宝塚歌劇団宙組に所属する現役団員が9月30日に転落死し、宝塚大劇場での上演を取りやめている宝塚歌劇団の木場健之理事長が7日、兵庫県宝塚市の同劇団で取材に応じ、外部の弁護士を招いた調査チームを立ち上げると発表した。

調査チームは、外部の弁護士が複数入り、劇団スタッフは関与しない。医師やカウンセラーがバックアップに入り、劇団員のヒアリングは弁護士が担う。急死した生徒が所属していた宙組へのヒアリングはすでに始めているという。

将来的に、必要があった場合、他組へも調査チームの調べが及ぶ可能性はあるが、現時点では未定。また、生徒の心身ケアについては、以前からの常駐医療スタッフ、今回新たに招いた精神カウンセラーへの相談は同時に受け付けている。

木場理事長は「なぜこのような事態が起こったのか、今回の(週刊誌)報道と関係があるのか」を中心に調べるといい、調査結果の発表については「しかるべきタイミングで報告する」とした。

「生徒の周辺で何があったのか、きちんと調べるべきだと思っています。実際どこまで迫れるのか、ご本人の気持ちを聞くことができない中で、それでも日々を過ごす中で、ここはこうあるべきではなかったか-など。予見を持たずに調査してほしいので、我々もそこには立ち入りません」

今後、出演者が「安心、安全に公演できることができるのか」を第一に、調査を進めてもらうとした。

この日、冒頭で、木場理事長は「このたびの生徒の急逝につきまして、謹んで心より哀悼の意を表します」とし、「大切な仲間の命が失われ、極めて厳粛に受け止め、無念でなりません」と続け、調査チーム発足を明らかにした。

宙組所属は認めたものの、生徒名を公表していないことには「ご遺族の強い意向を尊重することが大事」と理解を求め、「ご家族の深い悲しみにご理解をいただきたい」とした。

劇団では、生徒が急死した後、心身ケアの専門家を招き、生徒への対応を強化しており「1人1人のケアに努めていきたい」とした。すでに、公演が停止していた宝塚大劇場での宙組公演出演者を中心に、聞き取りを始めており「まずは宙組生全員に、順次行っている」とした。

宙組の宝塚公演については、22日まで中止を決定。「時期は22日までとは考えているが、状況によって考えたい」とも加えた。現時点で、演出の変更も「検討はしている」とし、具体的には「まだ決まっておりません」とも話した。

劇団では24時間対応できる団員の悩みなどを聞き取る相談窓口を設けており、問い合わせもあるという。
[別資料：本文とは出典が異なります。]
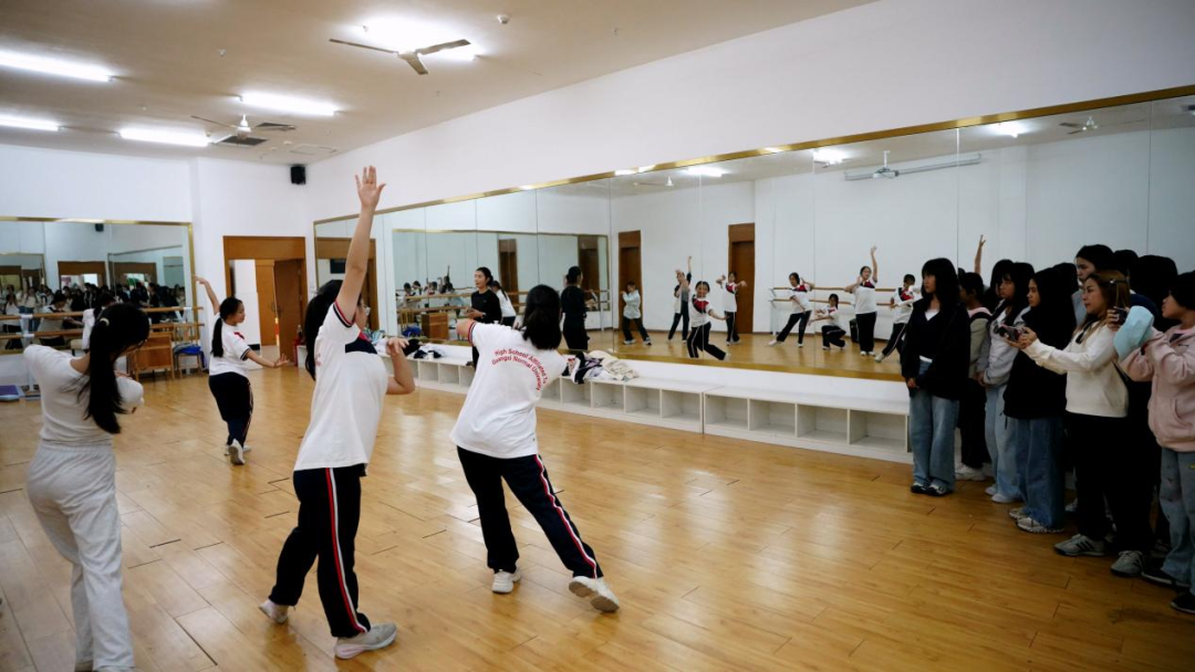 15时10分,泰国师生步入我校舞蹈教室。在舞蹈教室内,覃小烜老师指导的雅艺社团为远道而来的客人献上了优美的舞蹈表演。灵动的舞姿、传神的演绎,展现了附中学子良好的艺术素养,赢得了阵阵掌声。
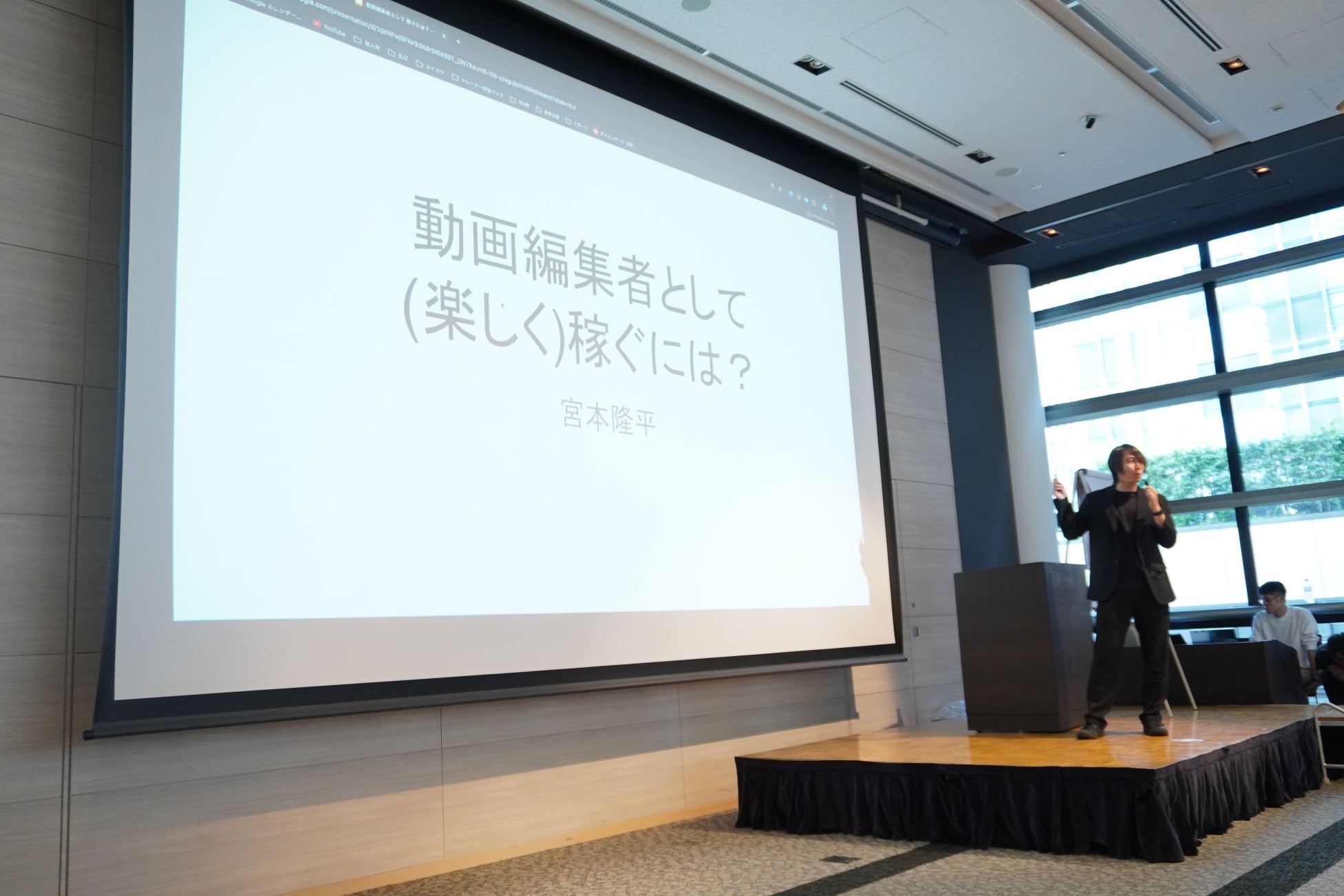 映像制作ディレクターの宮本氏は、動画編集者として稼ぐための方法を自身の経験に沿って紹介。今はディレクターとして活動している宮本氏ですが、当初は自身でも動画編集を行っていたそうです。

木場理事長は「常日頃、稽古や公演をともにし、家族的なつながり、一体感も強く、若いこともありますし、加えて少子化で、身近な人の死への向き合い方が分からない生徒もいる」とし、すでに、苦しい思いを訴えている生徒もいるといい「しっかりとケアに努めていきたい」とした。

調査チームの報告を受け、是正の必要にあれば、「ひとつひとつ、どう取り入れていけばいいか検討する」と語った。